Chapter 6.4, Problem 2CP

Interpretation Introduction

Interpretation:

The momentum of a photon of light having wavelength $122\text{ nm}$ is to be determined.

Concept introduction:

Momentum is the product of mass and velocity of a moving particle. It is denoted by $\text{p}$.

The de Broglie equation is related to the particle and wave properties. It is expressed as follows:

$\lambda =\frac{\text{h}}{mu}$

Here, h is Planck’s constant $\left(6.63\times {10}^{-34}\text{ J}\cdot \text{s}\right)$, $\lambda$ is the wavelength of the moving particle, $m$ is the mass of the moving particle, and $u$ is the velocity of the moving particle.

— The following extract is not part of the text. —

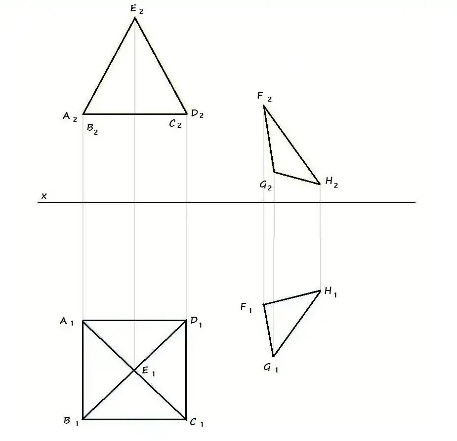- A distinção das projecções de entidades (pontos, rectas, figuras, etc.) é feita através da junção de um índice ao nome da entidade, 1 para a projecção horizontal, 2 para a projecção frontal.
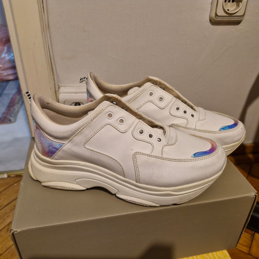 Beyaz Platform Topuklu Bağcıksız Spor Ayakkabı

The relationship between $\text{J}$ and $\text{kg}{\text{m}}^2{\text{s}}^{-2}$ can be expressed as:

$\text{1J = 1kg}{\text{m}}^2{\text{s}}^{-2}$

To convert $\text{J}$ to $\text{kg}{\text{m}}^2{\text{s}}^{-2}$, conversion factor is $\frac{{\text{1 kg m}}^2{\text{ s}}^{-2}}{1\text{ J}}$.

The relationship between meters $\text{(m)}$ and nanometres $\text{(nm)}$ can be expressed as:

$\text{1nm = 1}\times {\text{10}}^{-9}\text{m}$.

To convert meters $\text{(m)}$ to nanometres $\text{(nm)}$, conversion factor is $\frac{1\text{ nm}}{1.00\times {10}^{-9}\text{ m}}$.